The hard disk manufacturer Seagate announced last week (March 23, 2012) that it has achieved the ability to store one terabit of data per square inch of disk. (Sorry about the measurement in inches, but that’s what Seagate, an American company, likes to use in its PR.) In more normal terms, that means relatively soon a standard 3.5 inch hard disk could contain around 6-10 terabytes (trillions of bytes), and the company says the technology could take it to 60 terabytes. Yes, indeed, that is a lot of disk space. How much? Well, back in the day, roughly thirty years ago, Fortune 500 companies could run their IT operations with about a terabyte of storage. An old fart like me can remember spinning new-fangled floppy disks that held a convenient 100K (as in Kilobyte) and 5 MB (megabyte) hard drives cost $15,000 and were as big as a refrigerator. That wasn’t really very long ago, 1980-ish.

Back then I learned, “You can never get enough disk space.” I’m not sure that’s true even now, and with 10 terabyte disks in the next few years, there’s a distinct probability that more people will simply load whatever they want on their disks and forget about storage space. Unless they are professional media artists, our normal but trivial usage will hardly burn through a single disk.
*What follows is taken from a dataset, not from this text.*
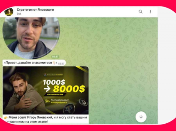 Короче, пообщался я в чате с «трейдером Игорем Яновским». Суть такая: вас пытаются закрыть на звонок. В чате пишет общие фразы, что он копи трейдер про с bybit, далее, присылает скрин с PnL. где всё красиво. Потом я прошу: дай мне ссыль на твой профиль в bybit. Он отвечает, что поскольку он вип, а я не вип, я не могу видеть его профиль. Для доказательства присылает смешной поддельный скрин якобы с правилами bybit, ссылка, естественно, не существует такая. В общем, или звонок, или иди на фиг. По опыту прошлогоднего общения с похожими ребятами скажу, что там, судя по всему, провернут схему с каким-то левым кошельком.

Speaking of burning, the new Seagate technology achieves these mind-boggling storage capacities by using a very sophisticated laser arrangement to heat the metal of the disk just prior to the magnetic imprinting of the data. It’s called heat-assisted magnetic recording (HAMR) and was based on the finding that if the metal is pre-heated, it is much more reliably magnetized and is much less apt to flip bits in the presence of normal operating temperatures. The laser used is very tiny, small enough to heat an area of only 100 nanometers, but the area heated needs to be about 25 nanometers. So the engineers got busy and devised a tiny parabolic mirror to focus the laser beam and further tightened it with a miniscule gold antenna that produces a final heating spot of 30 nanometers. So, in a way, the technology is back to ‘burning disks.’ However it’s done, we definitely seem to be heading toward the day when the question is not ‘How many angels can dance on the head of a pin?’ but ‘How small a device can hold all of human knowledge?’ Seriously.